As a computer scientist I have to say that the most ridiculous part of the story is the presumption in law that a computer system works properly absent explicit to the contrary, that – when coupled with an asymmetry of who can access to software and its logs – makes it impossible to fight against computer-generated evidence. No system of this size ever works flawlessly, and a careful designer would add features on that assumption, such as paper-trails or detailed logs that can then be forensically analysed. Equally, no such system would ever be constructed without remote access to terminal endpoints to allow problems to be remotely fixed, and again a careful designer would ensure that such interventions were logged so as to be auditable. This is so self-evident that I find it hard to believe that Horizon wasn’t designed that way, which makes the repeated denials even more suspicious.

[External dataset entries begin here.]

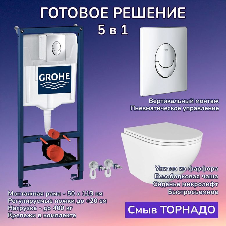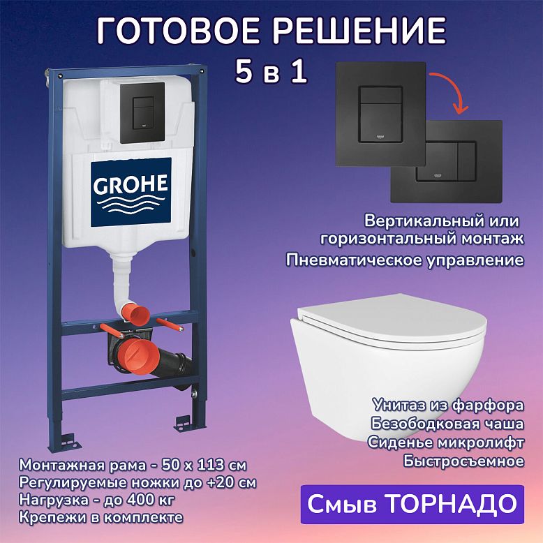 "КОМПЛЕКТ 6 в 1: Инсталляция, кнопка смыва, подвесной унитаз, крышка-сиденье с микролифтом, звукоизоляционный комплект, крепления.
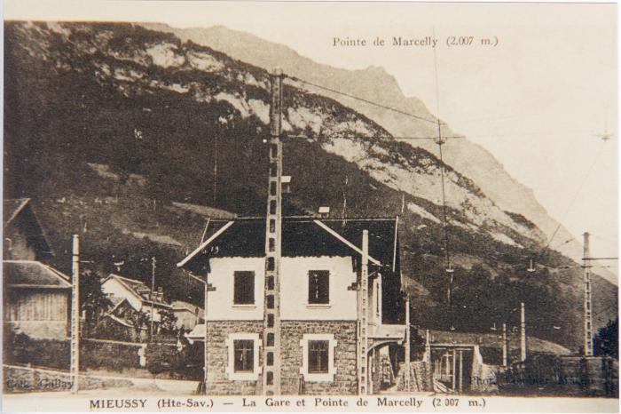 Carte postale ancienne, sépia, montrant la gare de Mieussy. En arrière-plan, on distingue le pic du Marcelly.
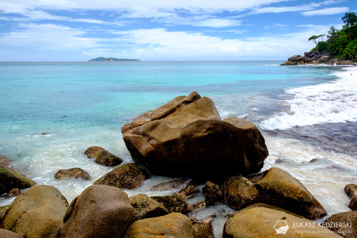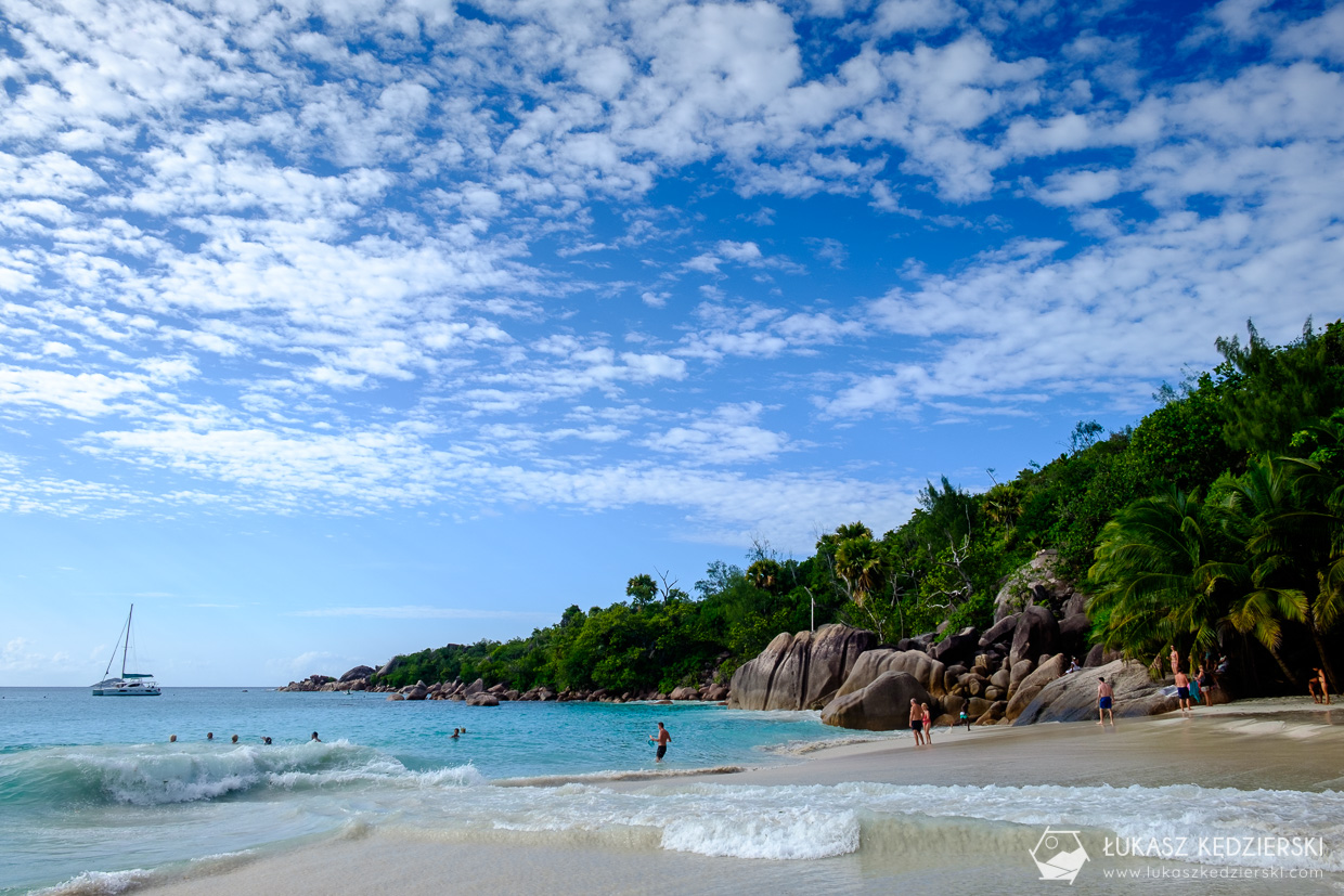 Anse Georgette podobno znajduje się na liście najpiękniejszych plaż na świecie! Nie nam to oceniać, ale jedno jest pewne – jest tu pięknie. Idealnie biały i miałki piasek, przepiękne kamienie, doskonałe widoki i co najważniejsze – mało ludzi. Nie ma tu żadnego hotelu, budki, czy knajpki. Nie ma leżaków, turystycznej infrastruktury i hałasu. Jest cisza i spokój. Całkiem spore fale i dosyć mocny prąd także wchodząc do wody trzeba uważać. Co tu więcej pisać – pomimo że mieliśmy w planach jeszcze coś dzisiaj zrobić, to zostaliśmy tu na cały dzień. Kilka zdjęć na zachętę i króciutki filmik.
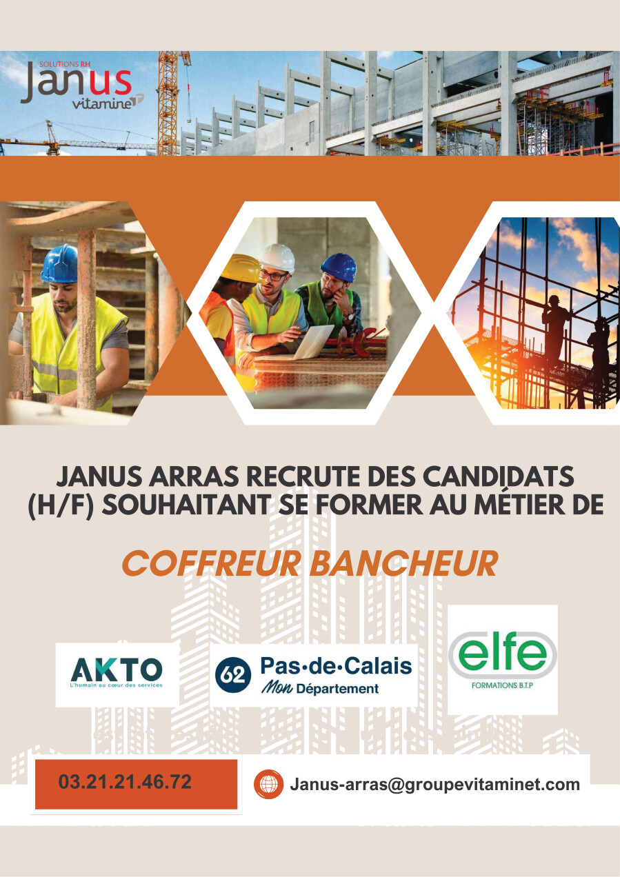 Nous avons le plaisir de vous informer qu’une opportunité de formation et d’emploi est proposée par Janus Arras, filiale inclusive du Groupe Vitamine T, acteur reconnu de l’insertion professionnelle.
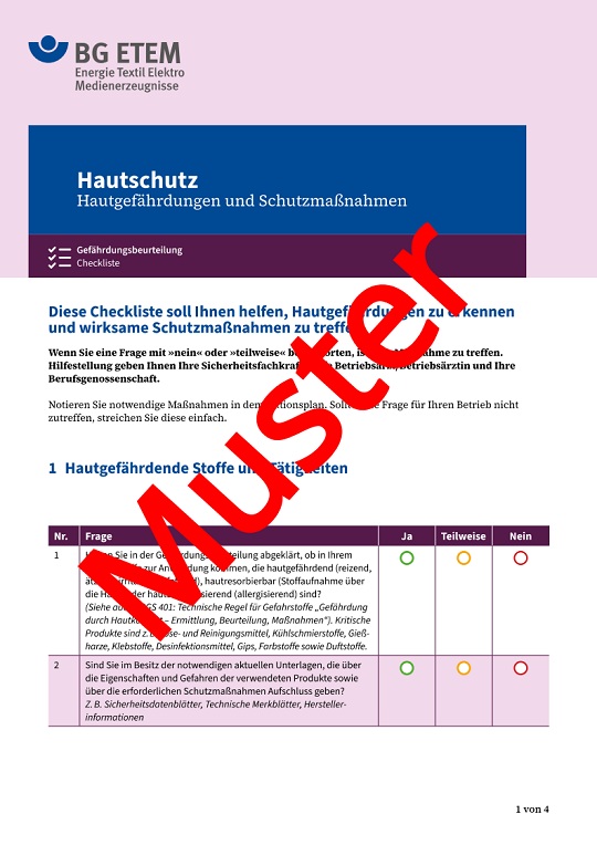 Checklisten zur Gefährdungsbeurteilung: Hand- und Hautschutz

But there’s a social commentary here too. The justice system, juries, and the communities of the prosecuted postmasters were almost eager to believe their guilt. Part of that was the lack of proper media scrutiny to bring the extent of prosecutions into the public eye, and part due to obfuscation by the Post Office itself – but it surely there should be systemic oversight of such things, given the massive consequences. And surely communities should have been less ready to believe accusations made against their own members that went against the evidence of their own eyes.
4/5. Finished Sunday 7 April, 2024.
(Originally published on Goodreads.)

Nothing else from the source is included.